Task objective:
Nothing but the lines below from the one with "고립은 노인 우울증의" through the one with "палеозойские гнейсы; 12" should be output, each exactly as given, and no pictures.

[Data excerpts]
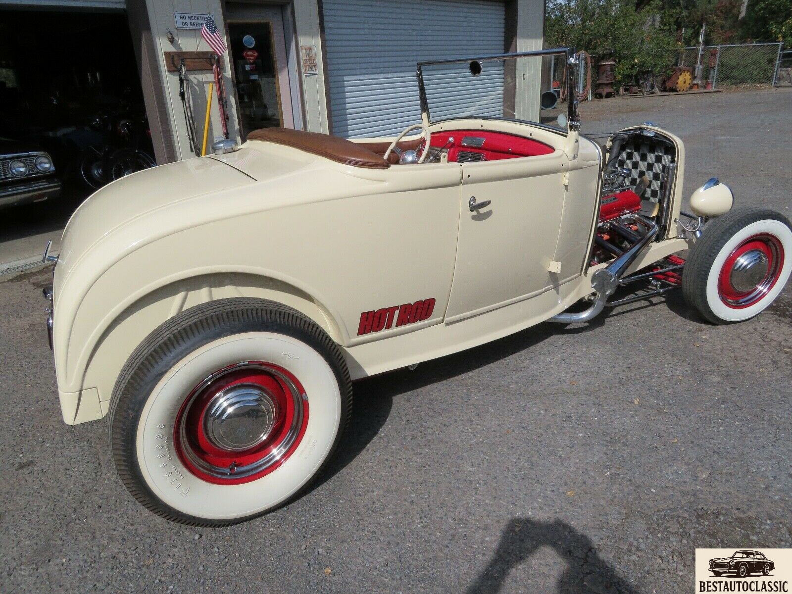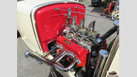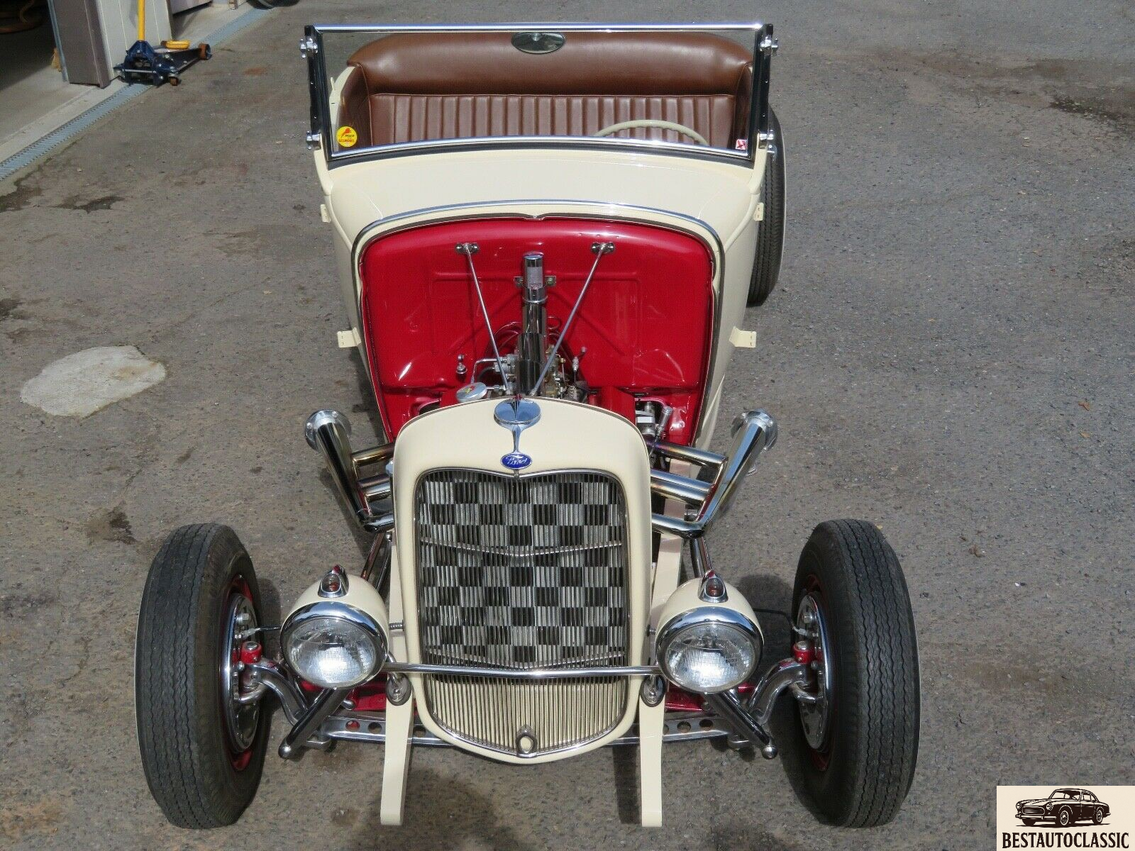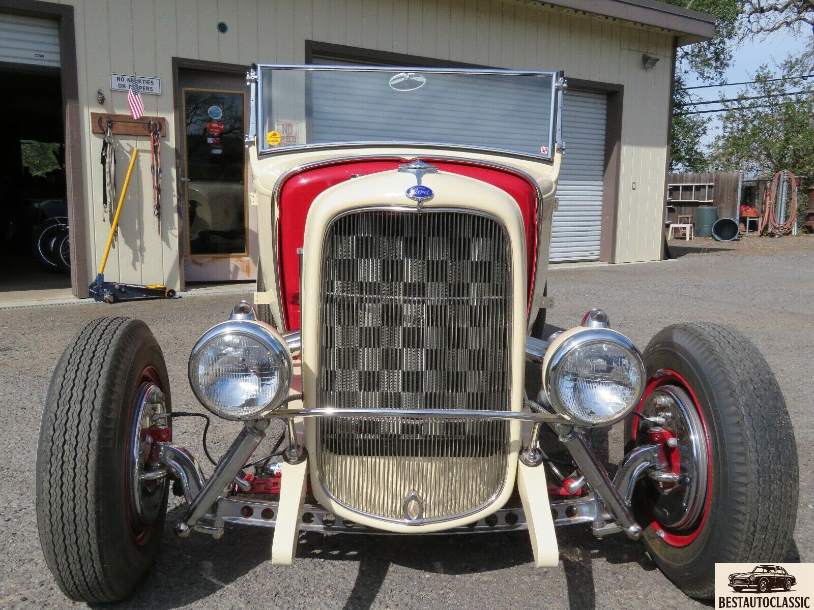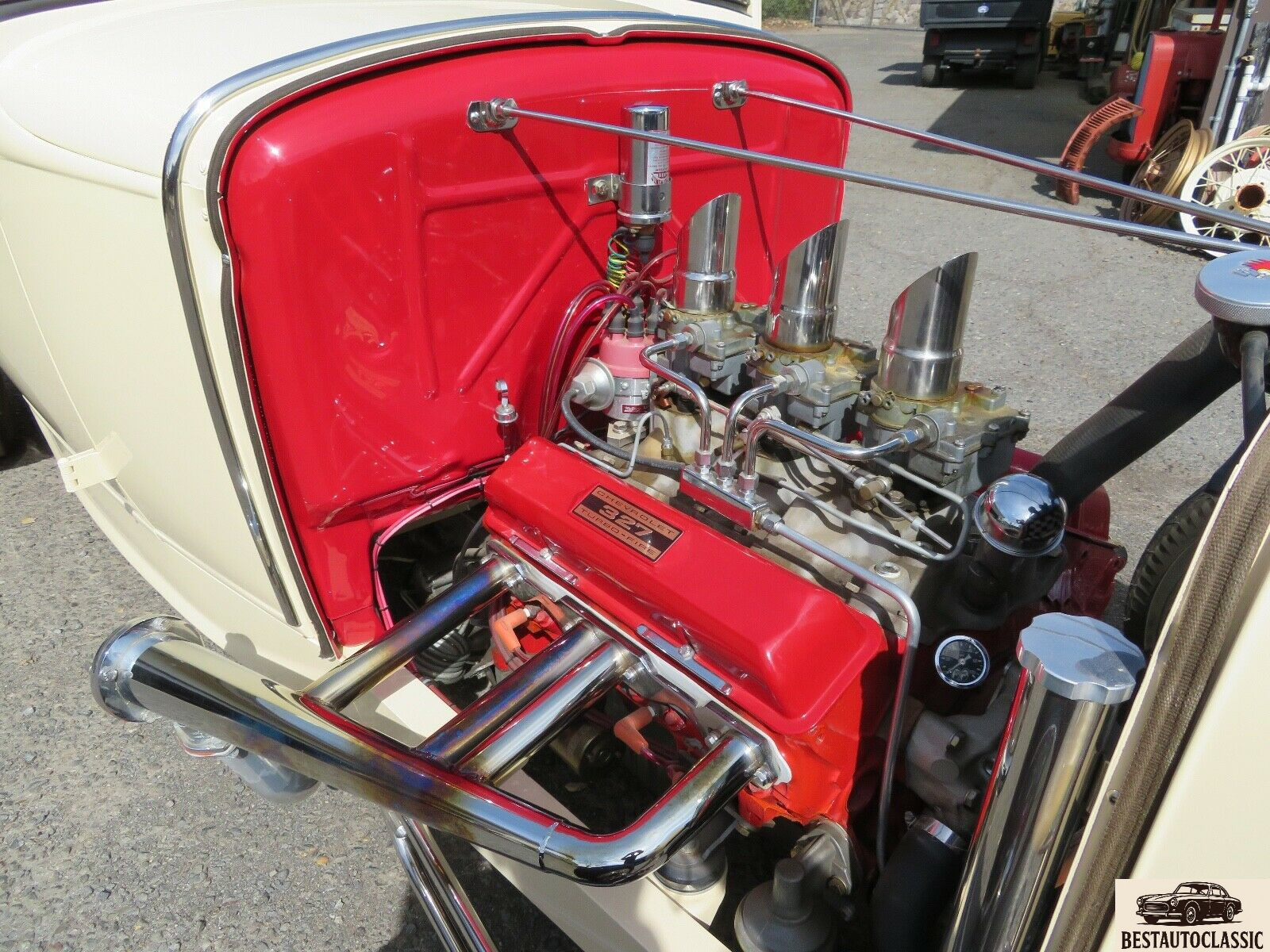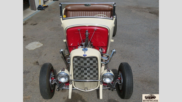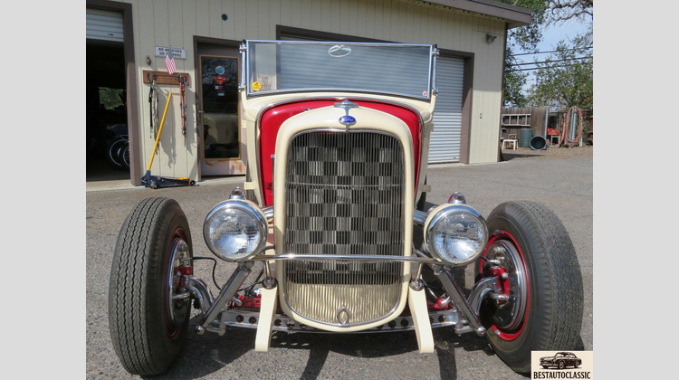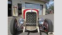 All steel, laser straight - beautiful paint â?? too much chrome. Built with below listed components: New Brookville body Pro-built custom â??32 frame boxed end to end (excellent); narrowed to match â??Aâ? body Mr. Roadster windshield with 2â? chop â??40 dash, original steel all Pro wired 12 volt system Original moon race car gas cap Upholstery by Dan Most (Beautiful) Billet aluminum â??40 Ford steering column by Juliano and custom spoked steering wheel by Juliano (very expensive); Mullins steering. Balanced 327 Chev. built by Diablo Machine; comp cam and valve train 3 2â??s (Rochesters) built and tuned by Charlieâ??s Speed Shop, Chattanooga, Tenn. Old school custom lake style headers with complete legal exhaust system plumbed under car Built TCI 350 Transmission; Currie rear end; 3.25 gears - 4 bar w/adjustable coil over shocks Custom drilled Chrome front axle 4â? drop - 4 bar Lincoln Zephyr brakes Walker radiator w/32 Ford steel grille Peterbuilt head lights and park lights Firestone wide whites (terribleâ?¦.needs radialsâ?¦) Trunk area is upholsteredâ?¦perfect
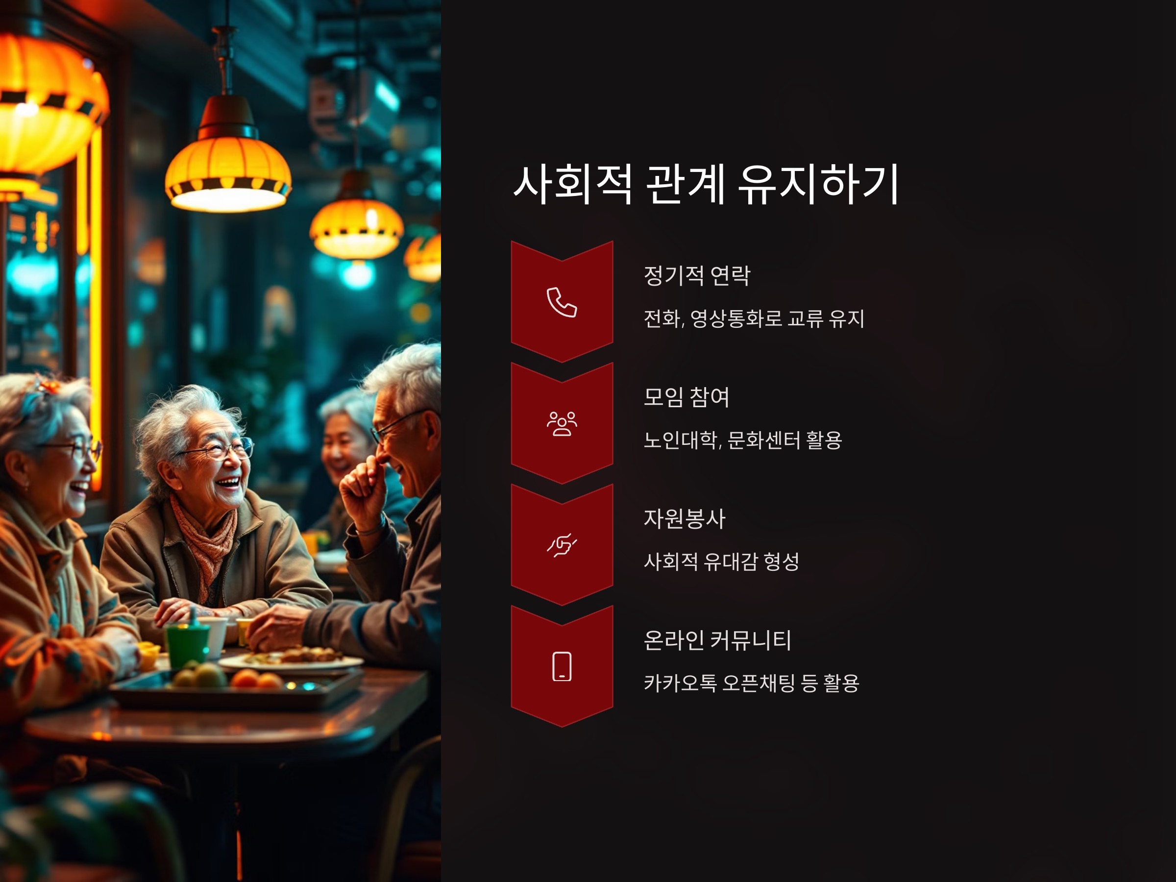 고립은 노인 우울증의 가장 큰 원인 중 하나입니다. 친구, 가족, 이웃과 정기적으로 연락을 유지하는 것이 중요합니다. 전화통화, 주기적인 만남, 온라인 영상통화 등을 활용하여 정서적 교류를 지속하세요. 또한 노인대학, 지역 문화센터, 자원봉사 활동 등도 사회적 유대감을 높이는 좋은 수단입니다.
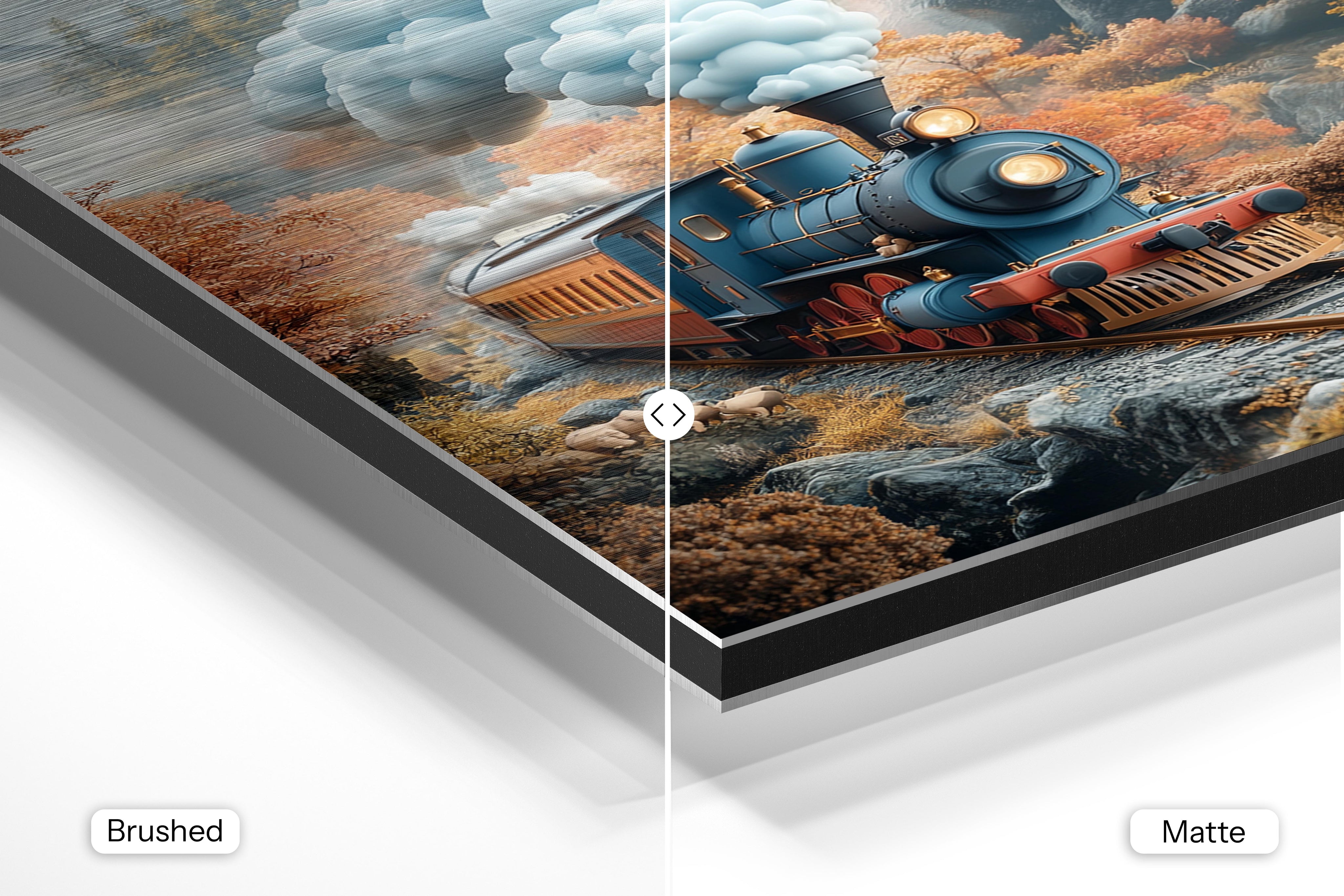 - Brushed Aluminum, on the other hand, features a raw metallic texture with visible brush strokes. Whites and highlights in your image let the silver surface show through, adding a dramatic, shimmering effect. Ideal for black-and-white images, minimalist designs, or abstract art, it creates a bold, industrial vibe with a modern edge.
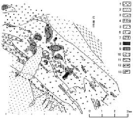 палеозойские гнейсы; 12 - зона надвига; 13 - карьеры
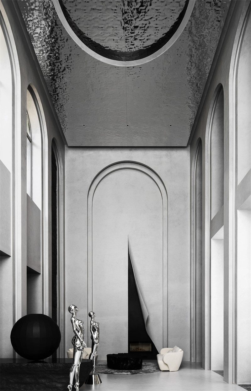 挑空大廳設(shè)計(jì)以拱形為符號(hào)元素,建立陣列的具有古典比例韻律與審美經(jīng)驗(yàn)的視覺語(yǔ)言。石材雕刻而成的多功能條形桌與球形電子科技顯示屏結(jié)合,兩側(cè)對(duì)稱陳列的機(jī)器雕塑,似乎仰望著“蒼穹”——海水漫延于天空,倒映著一切的物質(zhì)形態(tài)。
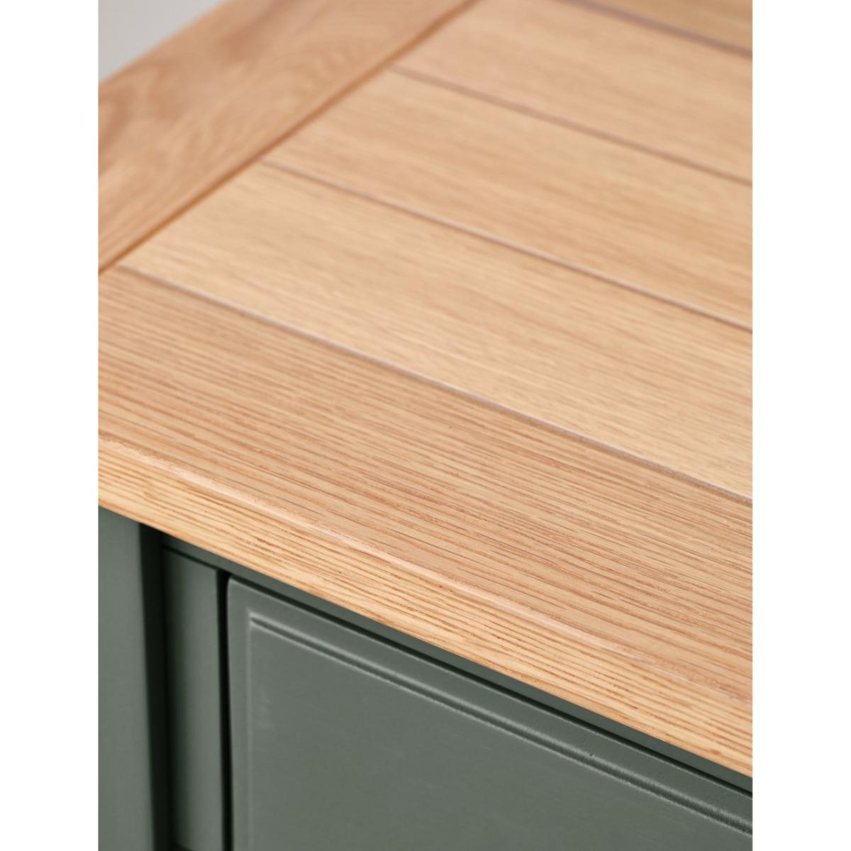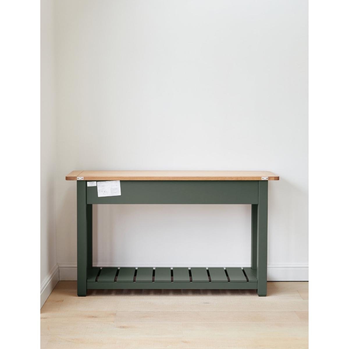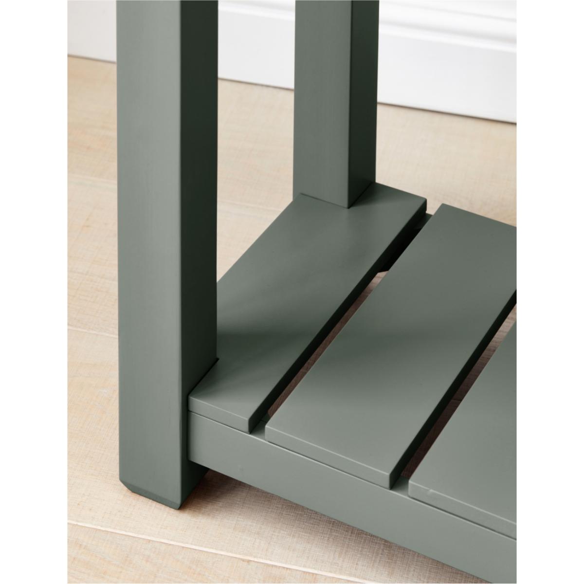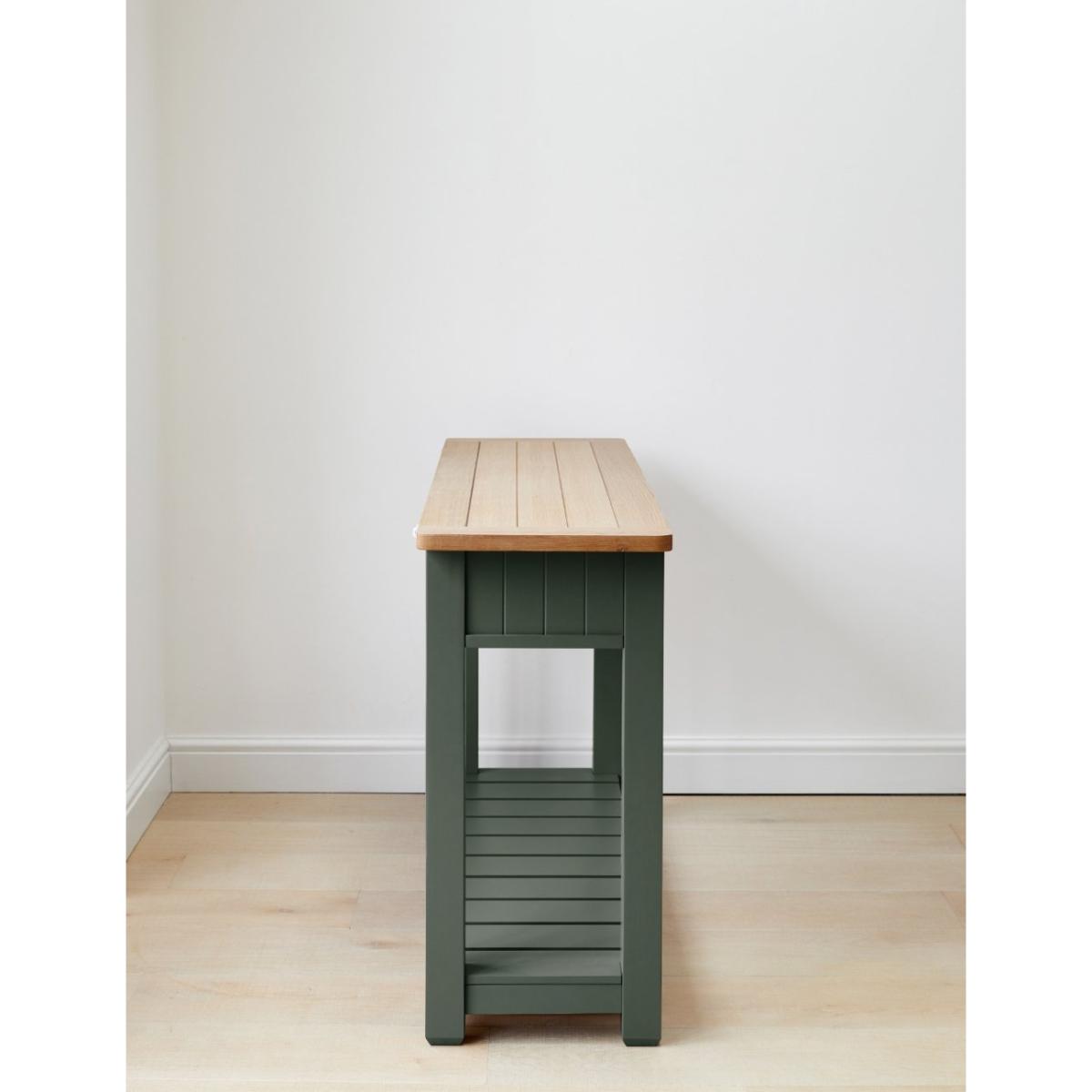 Keep your home organised and clutter-free with our Earthy Green Oak Console Table with Drawers. This beautiful console table has two drawers and a low shelf, making it a perfect storage solution for any corner of your home. Crafted with expertise, our console table is hand-painted with a textured finish that adds a touch of modernity to its country-style design. The sleek silhouette and earthy green tones contrast beautifully against the wooden open shelving unit to create a timeless and harmonious piece of furniture. It's the perfect addition to any room in your home, bringing style and functionality to your interior space.
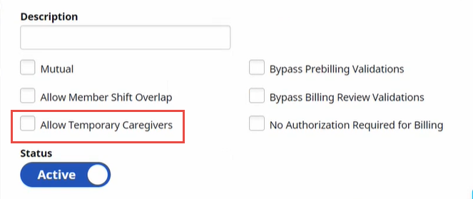 The Payer can select Allow Temporary Caregivers for any Home Care Service Code on the Add Service Code or Edit Service Code page.

Reply to the exercise:
 고립은 노인 우울증의 가장 큰 원인 중 하나입니다. 친구, 가족, 이웃과 정기적으로 연락을 유지하는 것이 중요합니다. 전화통화, 주기적인 만남, 온라인 영상통화 등을 활용하여 정서적 교류를 지속하세요. 또한 노인대학, 지역 문화센터, 자원봉사 활동 등도 사회적 유대감을 높이는 좋은 수단입니다.
 - Brushed Aluminum, on the other hand, features a raw metallic texture with visible brush strokes. Whites and highlights in your image let the silver surface show through, adding a dramatic, shimmering effect. Ideal for black-and-white images, minimalist designs, or abstract art, it creates a bold, industrial vibe with a modern edge.
 палеозойские гнейсы; 12 - зона надвига; 13 - карьеры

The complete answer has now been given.